- **DATA BELOW**:
------------------------
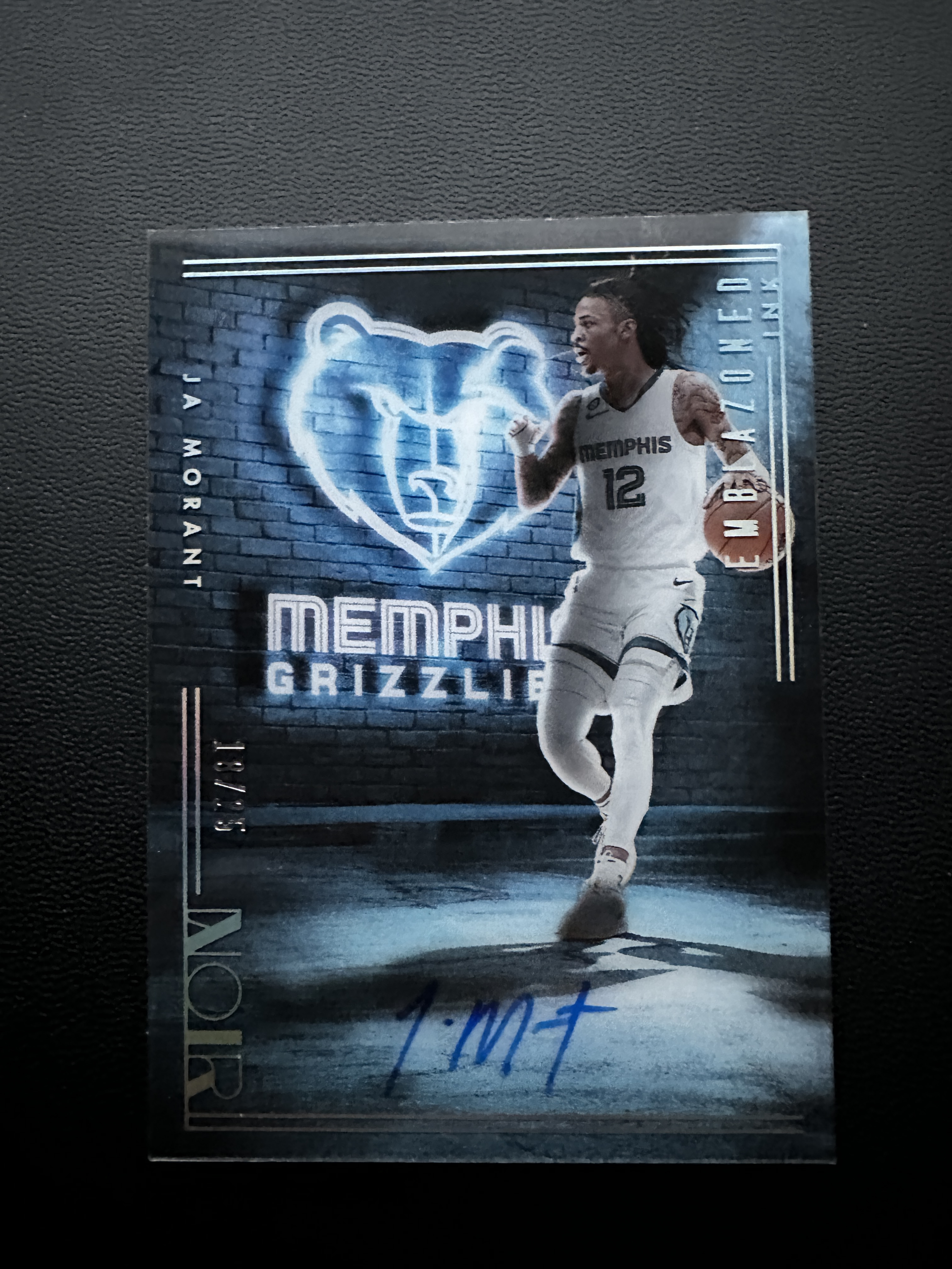 2023-24 Panini Noir Ja Morant Noir系列 灰熊队 贾 莫兰特 卡签签字 霓虹灯 18/25编
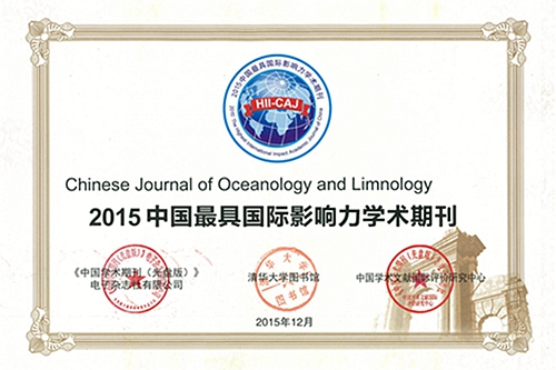 自2008年期刊被SCI收錄以來,編輯部不斷優化編輯出版流程,提高稿件處理效率,拓寬稿源渠道,提升審稿質量,提高期刊影響力。2009年,引進Manuscript Central稿件處理系統,編輯工作與國際接軌;同年與北京精銳理文文化傳播有限公司合作對刊發稿件的英文進行潤色,提高論文可讀性,更符合國際讀者的語言習慣。2010年,引入CrossCheck系統進行內容查重,剔除學術價值不高和內容抄襲嚴重(相似度≧15%)的稿件,優選有創新意義的論文進入外審流程;期刊由季刊改為雙月刊,刊載量增加,發表周期縮短;與世界領先的出版、印刷服務提供商英國查爾斯沃思(Charlesworth)集團合作,提高稿件的編排質量和效率;通過此項國際合作學到了技術,現已能夠獨立進行數字化排版和印前數字化制作,并率先在同行業中使用XML排版技術,可提前6個月電子+紙質版準同步出版。2012年起,期刊長期聘任原法國海洋學研究咨詢所Ian Jenkinson教授擔任客座編輯(對外行使執行主編職責),有效提高了CJOL的學術質量和國際影響力。2014年起實施稿件OnlineFirst出版,電子版優先在Springer發布,目前CJOL已可提前半年印出。自2015年起,CJOL安排4位助理主編強化來稿初審,稿件質量明顯提高,同年開通官方微信,當期文章及時發布,加快了信息流通速度,擴大了期刊傳播范圍。2017年第四期開始,調整期刊欄目設置,對每期刊發稿件進行專業細分,共設置Physics,Geology,Chemistry,Ecology,Biology和Aquaculture and Fisheries六個學科,方便讀者分類閱讀。
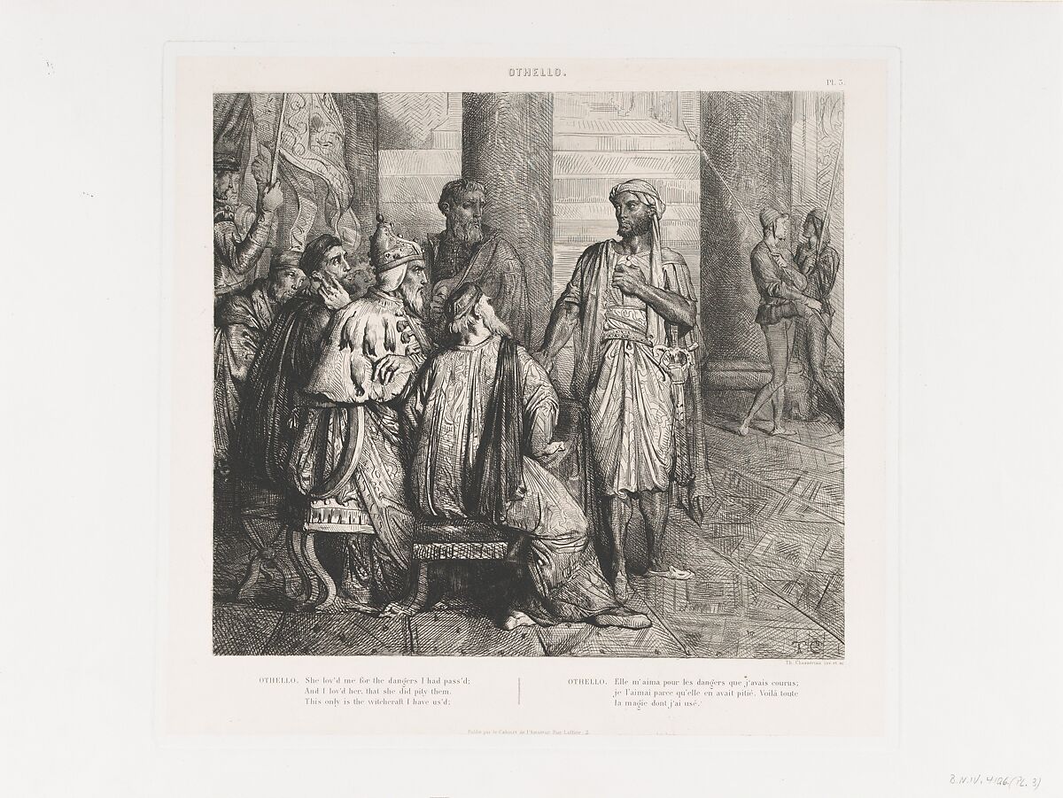 In 1844 Eugène Piot commissioned the young Chassériau to prepare fifteen illustrations to Shakespeare's Othello. Inspired by a series of ground-breaking Hamlet lithographs that Delacroix had created one year earlier, the younger artist opted for the more linear technique of etching. His expressive conception of form had been learned in Ingres's studio then developed under Delacroix. In the series, key exchanges offer a compressed summary of much of the play, with a final cluster devoted to the tragic conclusion. Here, Othello explains to the suspicious Duke of Venice and other dignitaries how he won Desdemona's hand in marriage.
------------------------
- **YOUR OBJECTIVE**: Would you return the material above exactly, apart from its pictures?

- **TASK ANSWER**:
 2023-24 Panini Noir Ja Morant Noir系列 灰熊队 贾 莫兰特 卡签签字 霓虹灯 18/25编
 自2008年期刊被SCI收錄以來,編輯部不斷優化編輯出版流程,提高稿件處理效率,拓寬稿源渠道,提升審稿質量,提高期刊影響力。2009年,引進Manuscript Central稿件處理系統,編輯工作與國際接軌;同年與北京精銳理文文化傳播有限公司合作對刊發稿件的英文進行潤色,提高論文可讀性,更符合國際讀者的語言習慣。2010年,引入CrossCheck系統進行內容查重,剔除學術價值不高和內容抄襲嚴重(相似度≧15%)的稿件,優選有創新意義的論文進入外審流程;期刊由季刊改為雙月刊,刊載量增加,發表周期縮短;與世界領先的出版、印刷服務提供商英國查爾斯沃思(Charlesworth)集團合作,提高稿件的編排質量和效率;通過此項國際合作學到了技術,現已能夠獨立進行數字化排版和印前數字化制作,并率先在同行業中使用XML排版技術,可提前6個月電子+紙質版準同步出版。2012年起,期刊長期聘任原法國海洋學研究咨詢所Ian Jenkinson教授擔任客座編輯(對外行使執行主編職責),有效提高了CJOL的學術質量和國際影響力。2014年起實施稿件OnlineFirst出版,電子版優先在Springer發布,目前CJOL已可提前半年印出。自2015年起,CJOL安排4位助理主編強化來稿初審,稿件質量明顯提高,同年開通官方微信,當期文章及時發布,加快了信息流通速度,擴大了期刊傳播范圍。2017年第四期開始,調整期刊欄目設置,對每期刊發稿件進行專業細分,共設置Physics,Geology,Chemistry,Ecology,Biology和Aquaculture and Fisheries六個學科,方便讀者分類閱讀。
 In 1844 Eugène Piot commissioned the young Chassériau to prepare fifteen illustrations to Shakespeare's Othello. Inspired by a series of ground-breaking Hamlet lithographs that Delacroix had created one year earlier, the younger artist opted for the more linear technique of etching. His expressive conception of form had been learned in Ingres's studio then developed under Delacroix. In the series, key exchanges offer a compressed summary of much of the play, with a final cluster devoted to the tragic conclusion. Here, Othello explains to the suspicious Duke of Venice and other dignitaries how he won Desdemona's hand in marriage.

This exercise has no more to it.